Other Desert Cities: Warm & Fuzzy Family

Other Desert Cities, written by Jon Robin Baitz and directed by Joe Mantello, is a thoughtful drama that explores questions of truth in families.  The Wyeth family gathers for Christmas in Palm Springs.  Lyman and Polly Wyeth are former Hollywood stars and Republican old guard.  Their daughter Brooke, recently recovering from a breakdown, announces she has written a memoir about the family.  The substance of the book sends the family into crisis and chaos dredging up a painful chapter in their lives from the past. 

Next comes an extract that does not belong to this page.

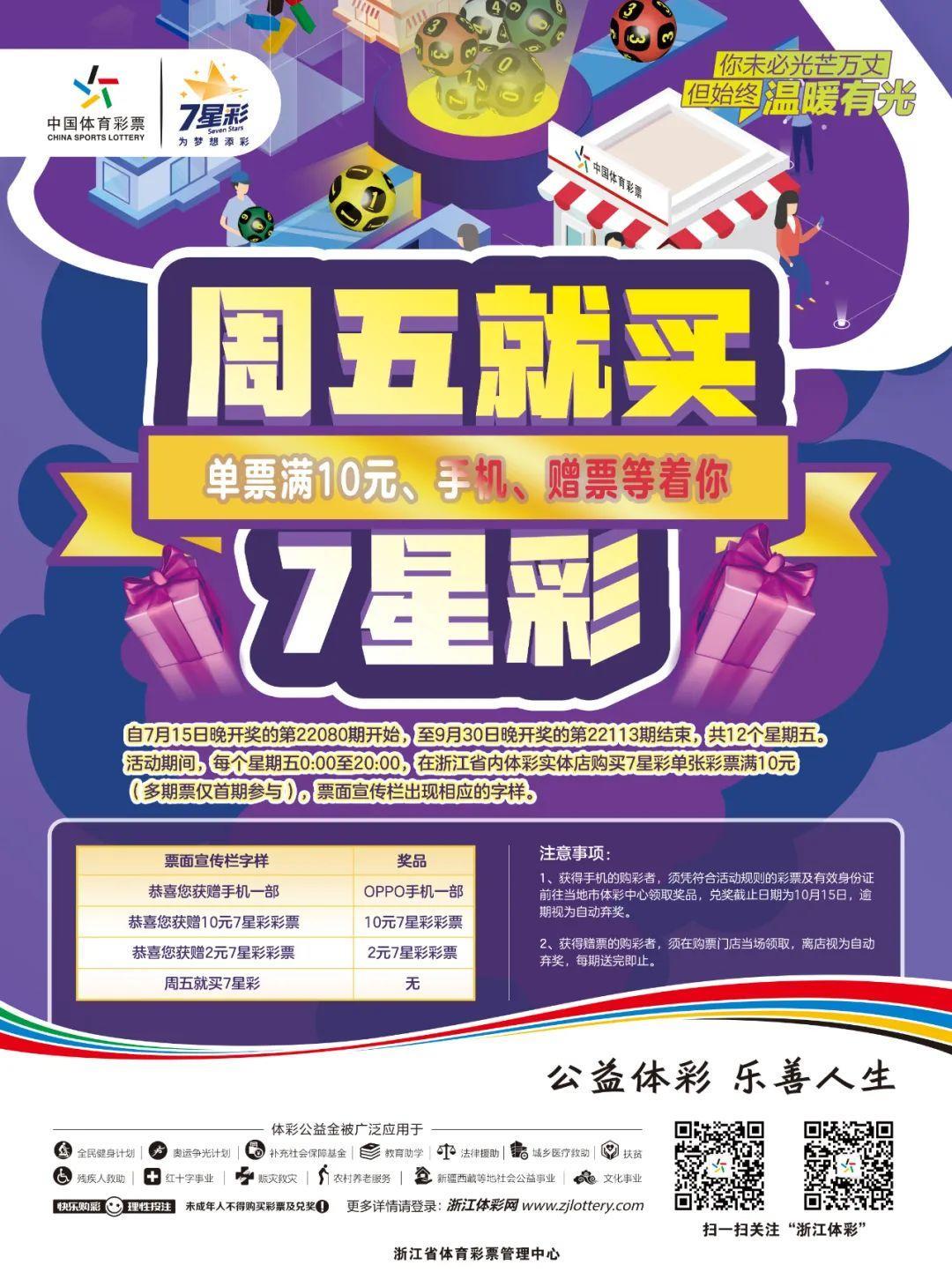目前,浙江体彩周五就买7星彩活动仍在进行中,只要在7星彩星期五购彩日购买7星彩单票金额满10元,除了有机会获取赠票,还有机会获赠OPPO手机,活动持续至9月30日晚开奖的第22113期结束。在7星彩星期五购彩日买上一张7星彩,不仅能收获自己的幸运,还能让周末的快乐再加一码,让快乐不断延续!还在等什么呢?在星期五和7星彩一起邂逅惊喜吧!

Beneath the surface fights and political debates, the pain in this family is palpable but the reasons for it are not clear (though all is eventually revealed).  There are some terrific actors on display here.  Stockard Channing as the ice queen Polly Wyeth achieves so much with a look, or a single line delivery.  She's the matriarch who holds things together but does so with an iron fist of control.  Judith Light is the often funny, alcoholic aunt who has been the thorn her sister Polly's side for most of her life.  Rachel Griffiths is the daughter demanding truth at all costs. 

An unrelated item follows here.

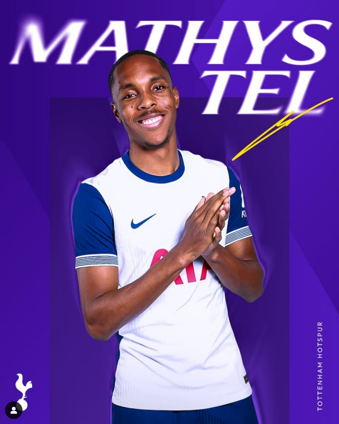 사진출처: spursofficial sns 토트넘 홋스퍼는 2월 4일(한국시간) 공식 홈페이지를 통해 바이에른 뮌헨의 공격수 마티스 텔(19)과 임대 계약을 체결했다고 발표했다. 텔은 2024-25 시즌 남은 기간 동안 토트넘에서 뛰게 되며, 등번호는 11번이다.

I thought Stockard Channing was riveting.  Her character Polly is accused by her sister Silda of pretending to be someone she is not.  Channing manages to give shades of both the character she is and the one she pretends to be.

The material was compelling and you want to know what has happened to these characters.  You want to know how it all came to this, but I struggled with feeling sympathetic toward most of the family.  The most sympathetic character for me was the younger brother (played when I saw it by Thomas Sadowski and soon to be played by Justin Kirk) who has been putting up with all this nonsense for his whole life but he was too young to "remember" the event that set it all in motion.  Brooke was a particularly challenging character to process and connect to. I understood her compulsive need to get to the truth to help her heal but her "shock" that the family would not embrace her activity played false to me.  Her brother calls her on this a bit and I enjoyed when the two of them started dealing with each other more directly and honestly.  Sadowski's performance grew on me.  As the play went on, I could see more clearly the parallels between the children and their parents.  


The play sets up these characters with certain assumptions and then deconstructs those assumptions in the final analysis.  I guess I was less taken with the build up of drama in this story because it felt a little predictable.  I kind of expected one truth grenade to be taken out by someone else's truth bomb.  Part of me thinks I would be most interested in the sequel to this play that follows upon the the big "reveal" at the end.  I want to know how you live with each other after all that's said and done.

That said, I had such a strong reaction to the characters.  There was real artistry to the writing and acting.  But it would not have changed my top 10 for 2011.